◆ What you should do ◆
Restate word for word the lines between the start of the material and the line with "振宇物流此次積極主動參(cā", keeping both of those ends and none of the pictures.

◆ Data segment ◆
________________________________________
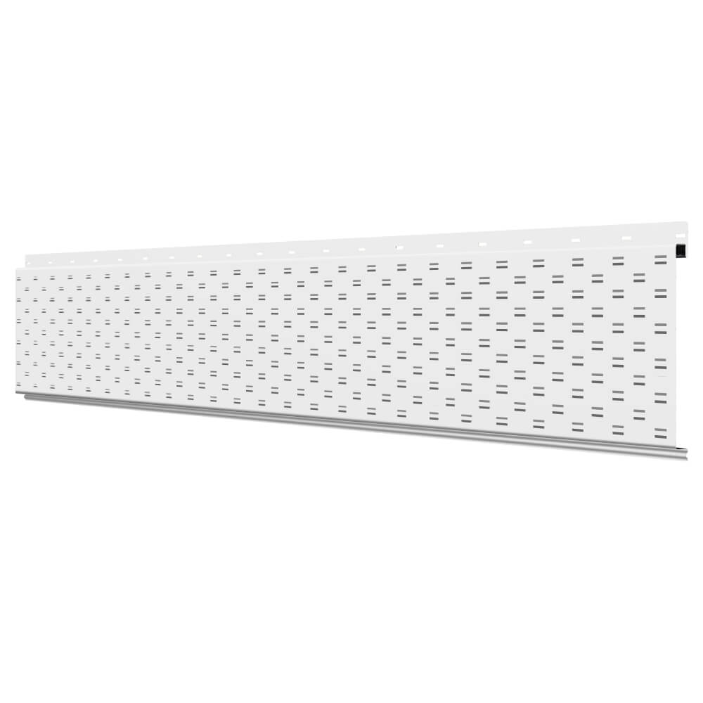 Линеарная потолочно-стеновая панель с ПЕРФОРАЦИЕЙ для вентиляции цвет RAL9003 Белый применяется в качестве софитов для подшивы крыши, наружной и внутренней отделки потолков, стен, фронтонов фасада дома в Рязани.
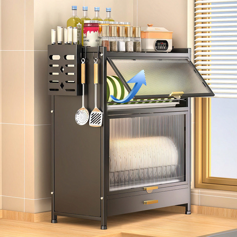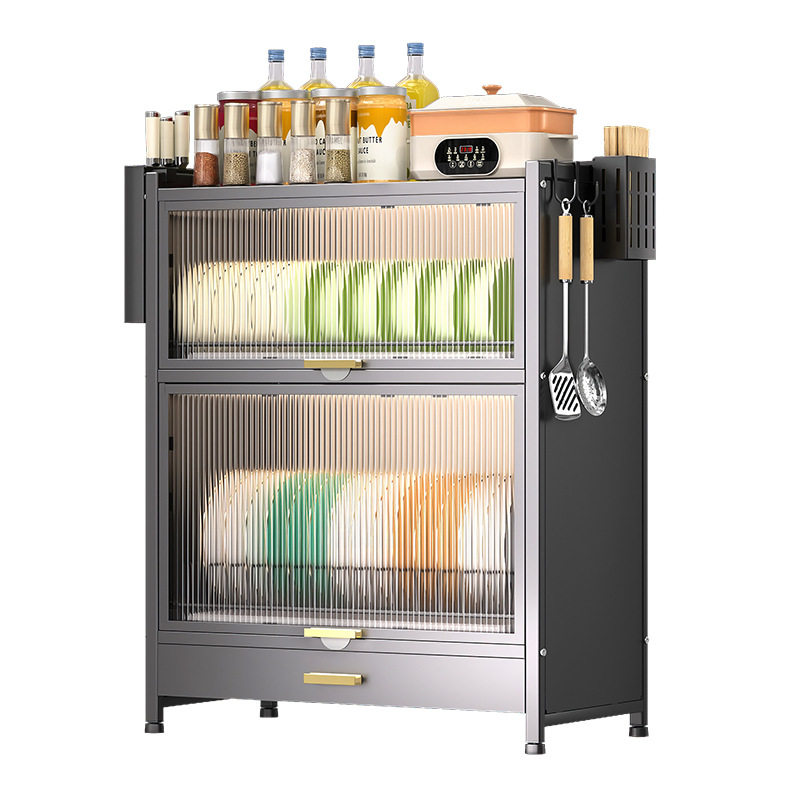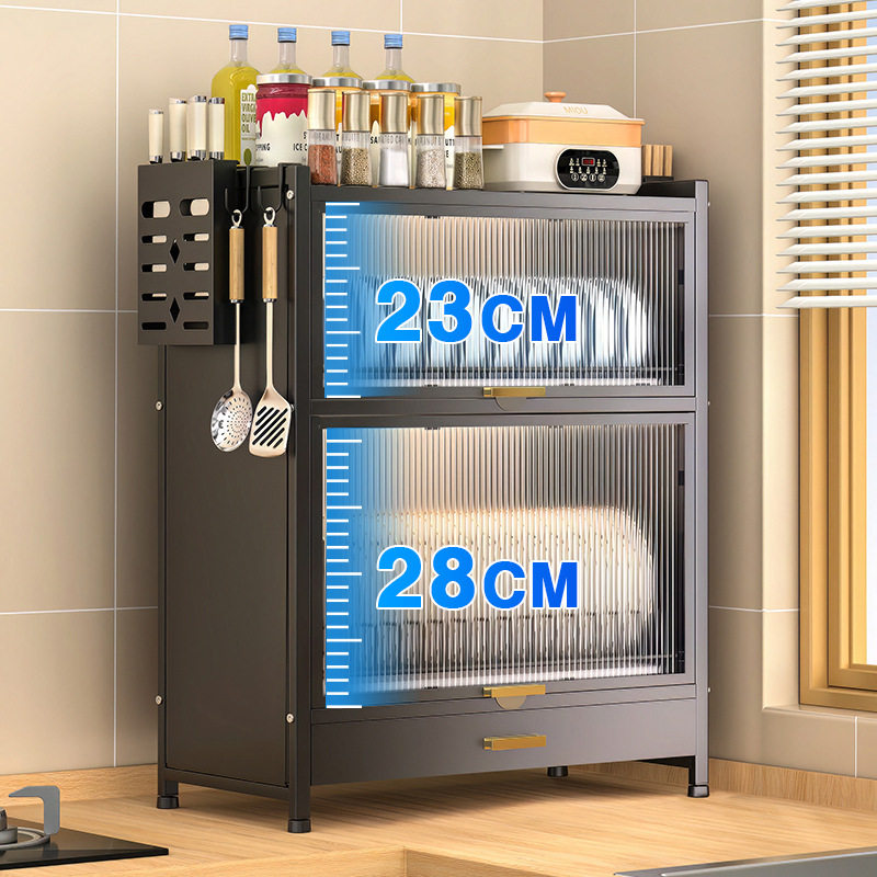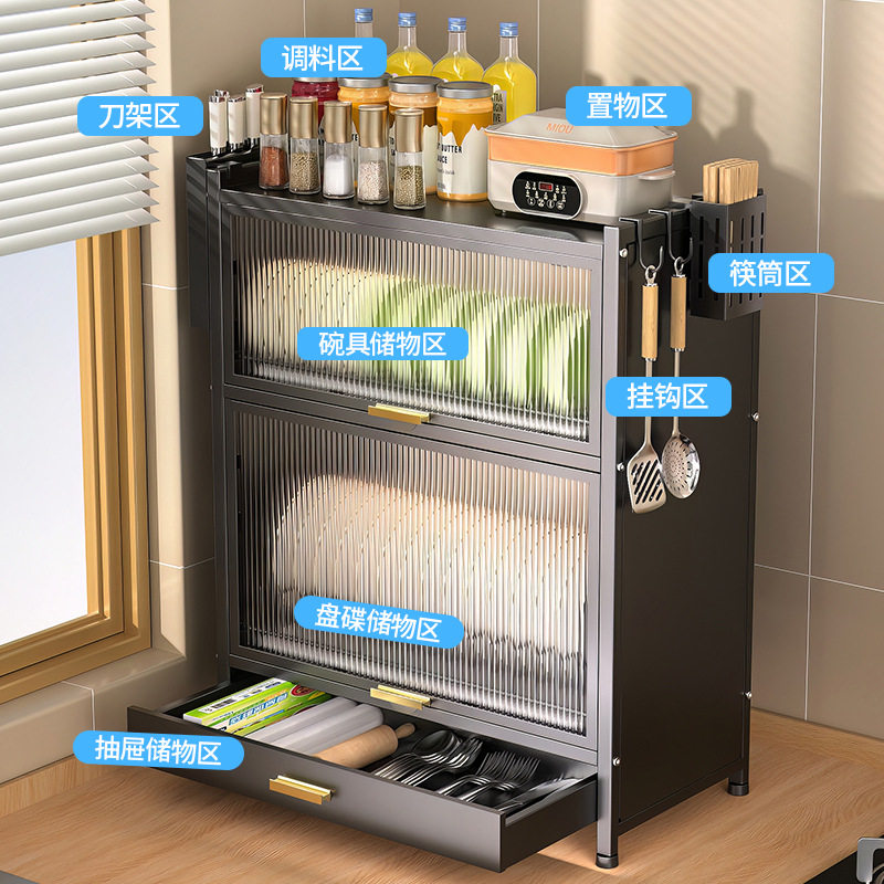 厨房置物架台面多层收纳架多功能家用碗架沥碗碟储物架子带门橱柜
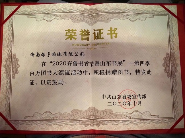 振宇物流此次積極主動參(cān)與“2020年齊魯書香節暨山東書展-第四季百萬圖書大漂流”活動,隻爲讓每一位鄉村孩子都能讀上一本完好的書,努力承擔(dān)書籍裝卸及運輸,将這些書籍送往東明縣沙窩鎮姜屯小學。
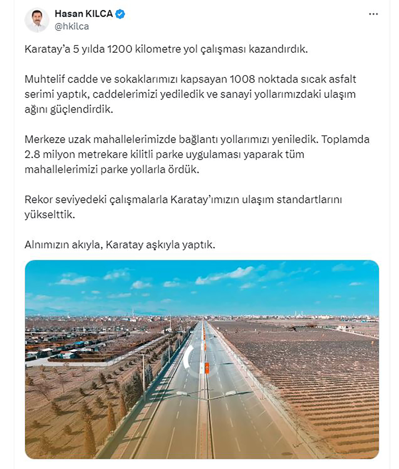 Başkan Hasan Kılca paylaşımında şu ifadelere yer verdi: “ Muhtelif cadde ve sokaklarımızı kapsayan 1008 noktada sıcak asfalt serimi yaptık, caddelerimizi yediledik ve sanayi yollarımızdaki ulaşım ağını güçlendirdik. Merkeze uzak mahallelerimizde bağlantı yollarımızı yeniledik. Toplamda 2.8 milyon metrekare kilitli parke uygulaması yaparak tüm mahallelerimizi parke yollarla ördük. Rekor seviyedeki çalışmalarla Karatay’ımızın ulaşım standartlarını yükselttik. Alnımızın akıyla, Karatay aşkıyla yaptık.” (Yunus Köroğlu)
________________________________________
◆ Answer to this task ◆
 Линеарная потолочно-стеновая панель с ПЕРФОРАЦИЕЙ для вентиляции цвет RAL9003 Белый применяется в качестве софитов для подшивы крыши, наружной и внутренней отделки потолков, стен, фронтонов фасада дома в Рязани.
 厨房置物架台面多层收纳架多功能家用碗架沥碗碟储物架子带门橱柜
 振宇物流此次積極主動參(cān)與“2020年齊魯書香節暨山東書展-第四季百萬圖書大漂流”活動,隻爲讓每一位鄉村孩子都能讀上一本完好的書,努力承擔(dān)書籍裝卸及運輸,将這些書籍送往東明縣沙窩鎮姜屯小學。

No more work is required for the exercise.